ASSIGNED TASK: Leave the pictures out. Retype exactly the lines below from the one containing "Para entender o" through the one containing "Girl Nets Red", and no others.

DATA SUPPLIED:
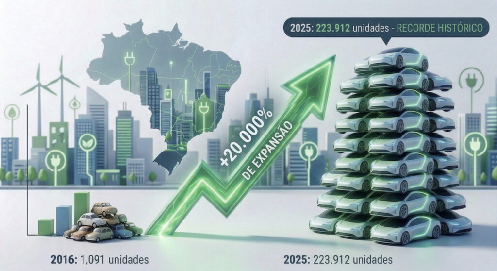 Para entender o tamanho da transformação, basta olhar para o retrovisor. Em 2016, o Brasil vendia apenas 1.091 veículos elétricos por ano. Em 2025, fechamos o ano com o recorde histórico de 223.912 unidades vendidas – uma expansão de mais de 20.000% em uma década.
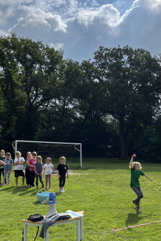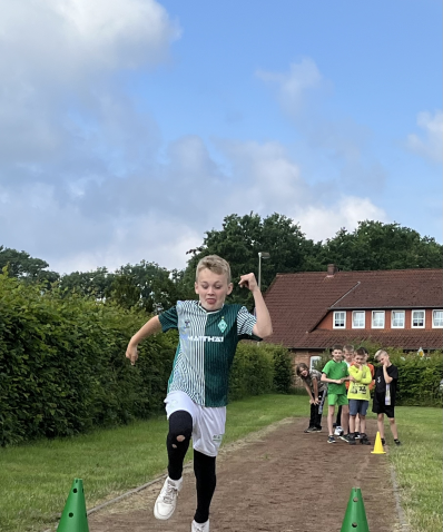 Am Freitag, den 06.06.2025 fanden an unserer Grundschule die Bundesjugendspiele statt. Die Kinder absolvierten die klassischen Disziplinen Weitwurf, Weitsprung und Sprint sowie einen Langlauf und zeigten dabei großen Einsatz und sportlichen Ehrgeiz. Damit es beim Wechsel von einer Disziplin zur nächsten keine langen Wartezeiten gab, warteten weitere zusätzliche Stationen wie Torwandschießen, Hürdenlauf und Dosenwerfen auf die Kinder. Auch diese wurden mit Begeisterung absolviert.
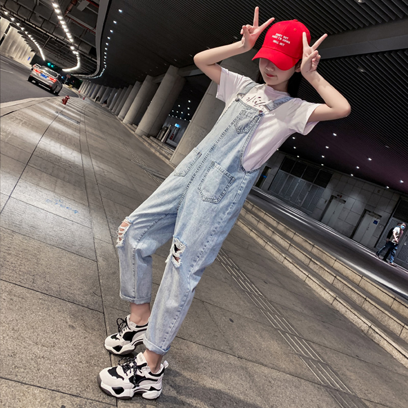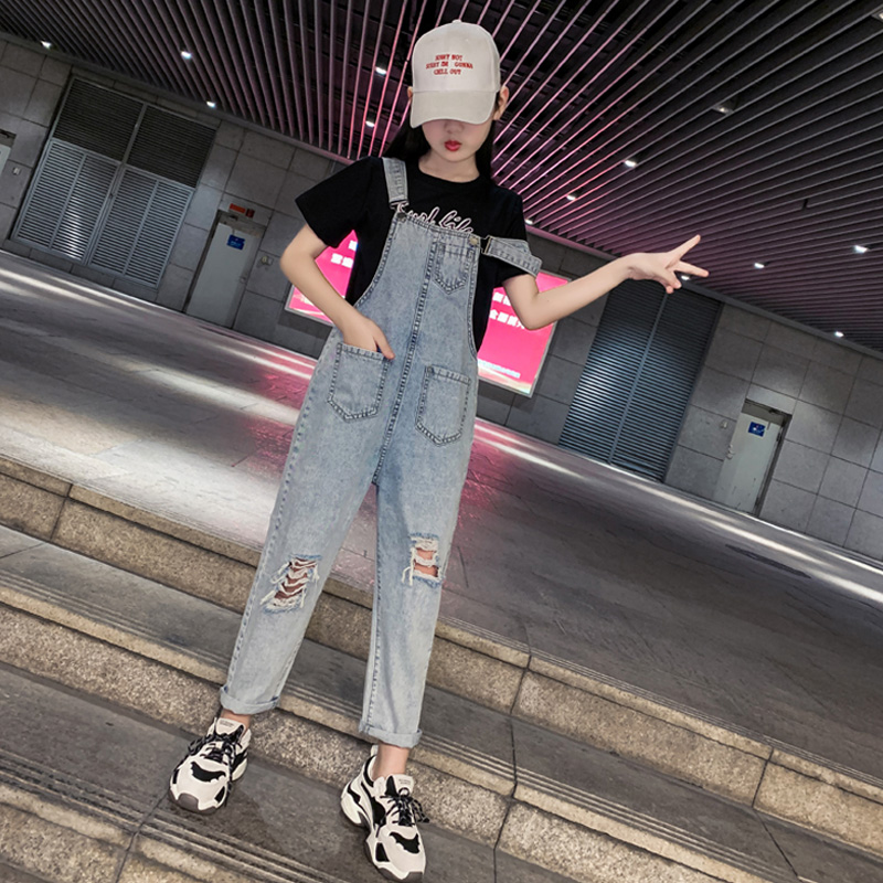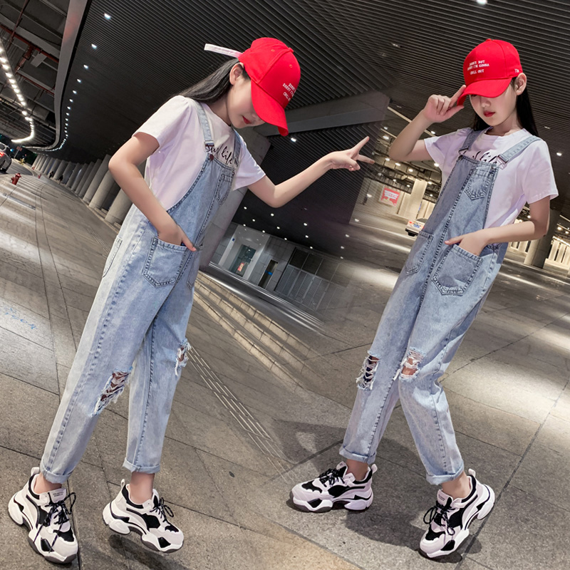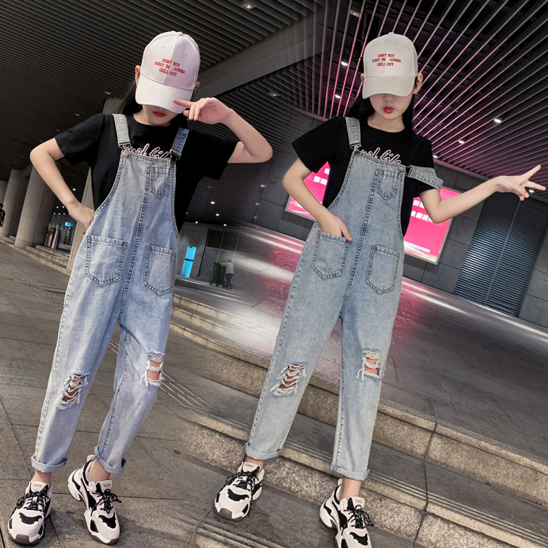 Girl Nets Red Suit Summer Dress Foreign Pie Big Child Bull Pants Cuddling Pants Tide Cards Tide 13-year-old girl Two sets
==
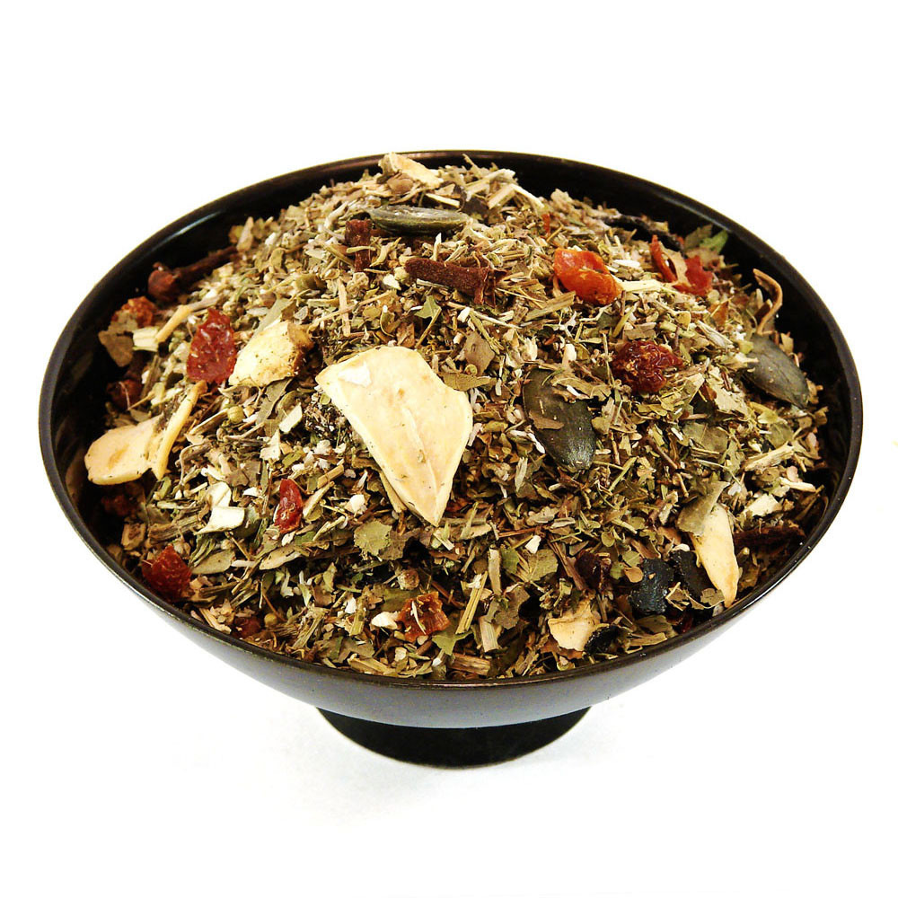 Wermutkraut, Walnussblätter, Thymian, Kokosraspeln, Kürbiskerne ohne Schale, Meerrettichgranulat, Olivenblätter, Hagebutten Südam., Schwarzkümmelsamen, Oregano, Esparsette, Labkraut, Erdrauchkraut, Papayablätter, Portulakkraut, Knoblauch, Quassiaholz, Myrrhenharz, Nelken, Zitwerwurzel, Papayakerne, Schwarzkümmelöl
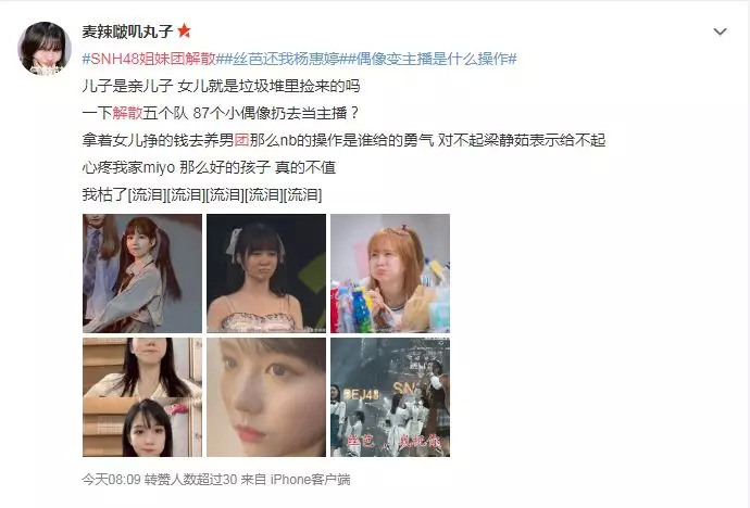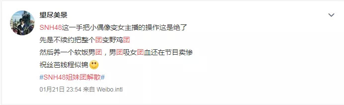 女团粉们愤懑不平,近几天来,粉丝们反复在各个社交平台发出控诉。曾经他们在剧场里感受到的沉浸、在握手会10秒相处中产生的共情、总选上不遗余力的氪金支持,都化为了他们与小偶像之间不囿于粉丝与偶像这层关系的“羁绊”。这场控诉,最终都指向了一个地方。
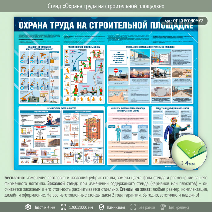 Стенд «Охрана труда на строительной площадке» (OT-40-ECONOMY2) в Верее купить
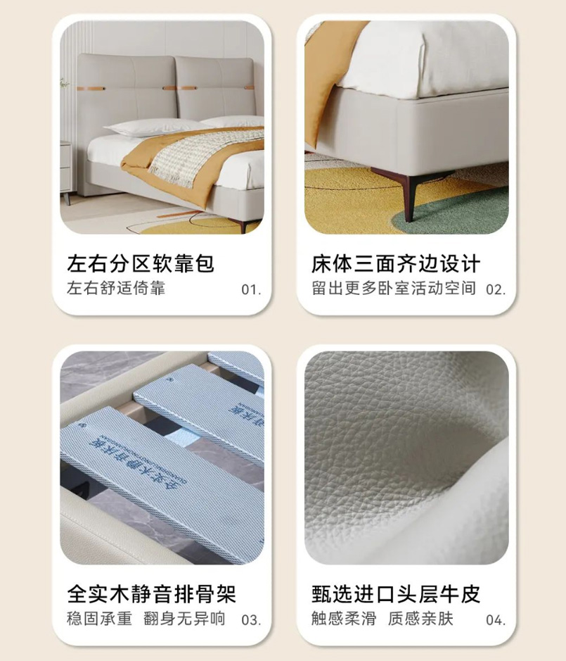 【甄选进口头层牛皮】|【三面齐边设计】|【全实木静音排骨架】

EXERCISE RESPONSE:
 Para entender o tamanho da transformação, basta olhar para o retrovisor. Em 2016, o Brasil vendia apenas 1.091 veículos elétricos por ano. Em 2025, fechamos o ano com o recorde histórico de 223.912 unidades vendidas – uma expansão de mais de 20.000% em uma década.
 Am Freitag, den 06.06.2025 fanden an unserer Grundschule die Bundesjugendspiele statt. Die Kinder absolvierten die klassischen Disziplinen Weitwurf, Weitsprung und Sprint sowie einen Langlauf und zeigten dabei großen Einsatz und sportlichen Ehrgeiz. Damit es beim Wechsel von einer Disziplin zur nächsten keine langen Wartezeiten gab, warteten weitere zusätzliche Stationen wie Torwandschießen, Hürdenlauf und Dosenwerfen auf die Kinder. Auch diese wurden mit Begeisterung absolviert.
 Girl Nets Red Suit Summer Dress Foreign Pie Big Child Bull Pants Cuddling Pants Tide Cards Tide 13-year-old girl Two sets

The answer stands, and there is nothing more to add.